Perhaps you were talking about the Sonic router doing a who-has to discover my machines? I don't see any such requests coming over the DSL line.
> I've been watching your port for the last hour and I have not seen a single ARP request from you.
Hmm... I have a ping out running every 60 seconds from two of my hosts. It's possible that this is causing implicit cache refresh on both ends, but I'm doing that specifically because I don't want the hosts to become unreachable. I did have these pings running every 120 seconds, but I found that there was still a variable window in which my hosts become unreachable, hence I ping every 60 seconds now.

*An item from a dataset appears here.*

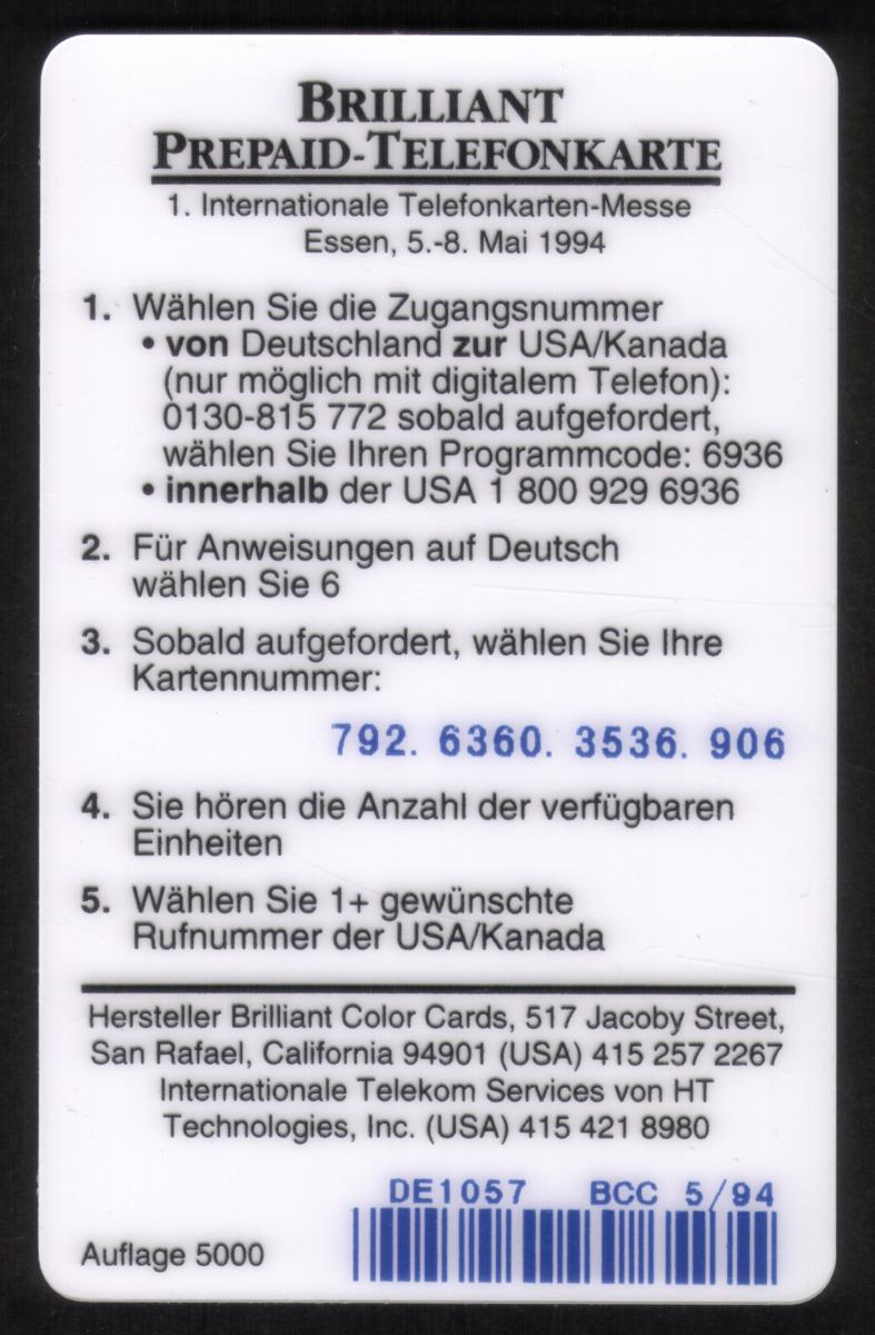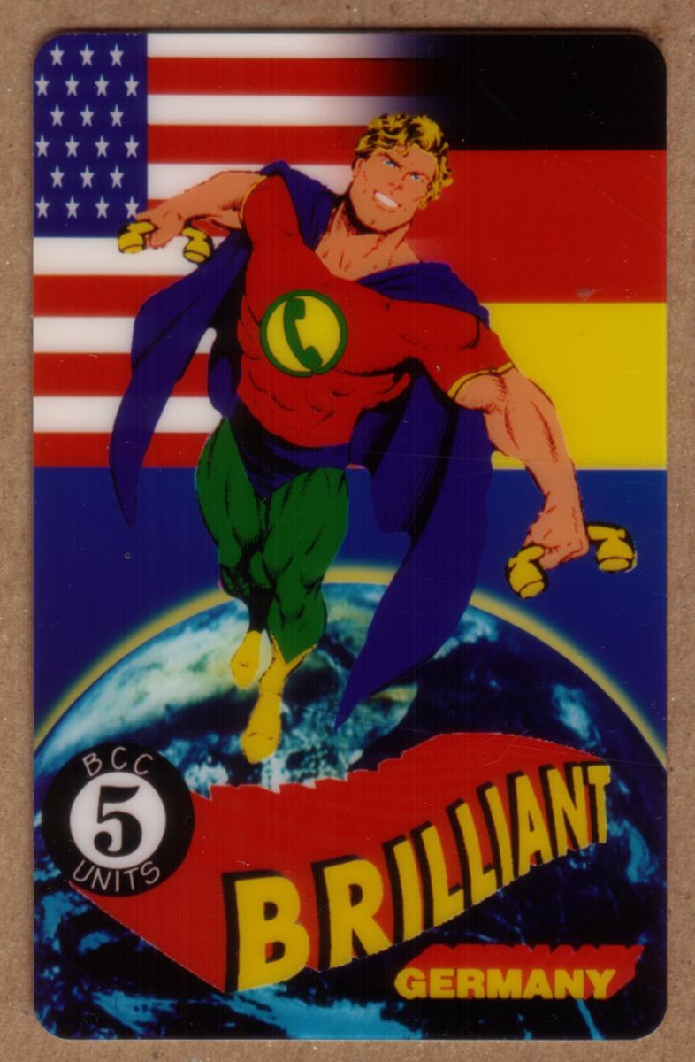 The word "BRILLIANT" appears in large, yellow letters with a red outline along the lower right side of the card, with "GERMANY" printed below it in solid red block letters. This card is identified as part of the Telecard Events collection, linked to the Telecard Show in Essen, Germany, dated 05/94. It is associated with artistic and fantasy themes focusing on superheroes and telephones, and is categorized under "Brilliant Color Cards."

> Either you have a static ARP entry for your default gateway programmed into all of your hosts or something else is going on.
No static ARP entries. I do have a default IP route going to the Sonic router, but no static ARP entries. My understanding of network protocol is that routers do segment discovery to find their endpoints. Endpoints (hosts) only do discovery when they need to make an out-bound connection. In this way, the routers know which host is on which segment and can route packets effectively. The hosts should not need to actively refresh their cache except when needing to send packets out for an unresolved IP. This is a bit simplistic, but essentially gets the point across.
> During the same time period we have not lost your MAC entry in our table and your modem remains ATM pingable.
I suspect you're cache is implicitly being refreshed by me because I don't want my hosts to become unaddressable. I have 4 IPs. Two are actively pinging out. One runs in stealth any only does NTP requests. The last one is this non-vm test host.
For your testing, I'll leave up my host on .243. Feel free to do some testing of your own.
Note that since this interface is separated, it has only one subnet that it knows about: 173.228.5.0
I had to add an explicit route for the bluemoon hosts subnet to ensure ping responses went back out through the same interface. I can add some additional explicit routes to any Sonic subnets if you need me to.
Thanks in advance for anything you can discovery about my problem!